Tomorrow morning I will wake up and I will be one day older than I am today. Sometimes I think about what have I learned from past experiences in life. What wisdom have I gained through living my life that I can speak into the lives of others. Or if I could speak to myself, when I was 20 years old, what would I say? The last few days I have been thinking about how my decisions in life are helping me achieve my wants and dreams. Because that’s what everyone wants right? To accomplish set goals, to fulfill the dreams in our hearts, and ultimately live a happy life.
Everyday I wake up I make decisions and what I consistently do and think daily impacts my life. I don’t think the average person understands how much impact their everyday decisions has on their life. It can be crazy to think that the music I listen to, what I read, the people I spend time with, the food I choose to eat, the things I look at on my cell phone… all these things have such an impact on how I see the world, my perception of my life and if I have a positive or negative outlook on life, and even how I feel.

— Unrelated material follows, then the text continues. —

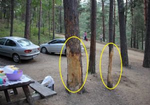Ateş yakmak ya da çıra ihtiyaçlarını karşılamak için kendini bilmez kişiler, çam ağaçlarının gövdelerine büyük zarar verirken ağaçların bu durumuna büyük tepki gösteren doğa severler, “Bu güzelim ağaçlara yapılanların insanlıkla ilgisi yok. Bunu doğadaki vahşi hayvanlar yapmıyor. Ağaçlara böylesine zarar verenler hayvanlardan da öte mahlûklar. Yazık günahtır. Bir çam ağacının bu seviyeye gelebilmesi 30-40 yıl alıyor. Ağaçlara bu tür zarar verenlerin tespit edilmeleri ve en ağır cezayı almaları gerekir.” şeklinde tepkilerini dile getirerek herkesi daha doğaya karşı daha duyarlı olmaya davet ettiler.

Since no one knows the future, nor can anyone predict the struggles that people go through, I feel ultimately we all just have to do the best with what we have. I look back on how people lived during the civil rights era. So many African-Americans were struggling just to make it. And, many of them did it… without education, finances, and without many of the things that I take for granted.
I would assume that most people around my age grew up watching the Cosby Show. The Cosby Show set a standard for how many people wanted to live in the 90s. At that time all most people wanted was a college degree, a good job, and a family. Then in the 2000s (my 20s), it was like if you didn’t have a Masters degree, you weren’t qualified to receive a decent job. And, having a job and a career, and living a certain type of lifestyle became more important. I know in my 20s, I was more focused on getting my degree, establishing a career and making money way more than I focused on establishing a committed relationship and starting a family.

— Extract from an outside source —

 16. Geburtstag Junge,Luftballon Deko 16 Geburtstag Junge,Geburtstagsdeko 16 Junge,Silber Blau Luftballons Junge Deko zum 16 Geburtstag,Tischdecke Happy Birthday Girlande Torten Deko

Also, during that time in my life I saw so many of my friends having children outside of marriage, get married and then get divorced after a few years. I believe this caused me and many of my friends to fear divorce… and indirectly fear marriage, which also created unrealistic standards for relationships. Because, I know I did not want to marry the wrong woman and have to go through all the issues that I saw my friends going through.
Eventually I had to realize what I truly wanted. And, that I would have to make sacrifices and changes in my life in order to get it. I’m in my late 30s, and what I want is a family of my own. It’s not hard for me to say it. I’m tired of being single. So, my decisions need to reflect my desires.
One of my good friends is pregnant and I’m sooo happy for her! I believe if you want something, you need to go out and get it. It’s time to make it happen. I just pray God gives me wisdom in making the right decisions.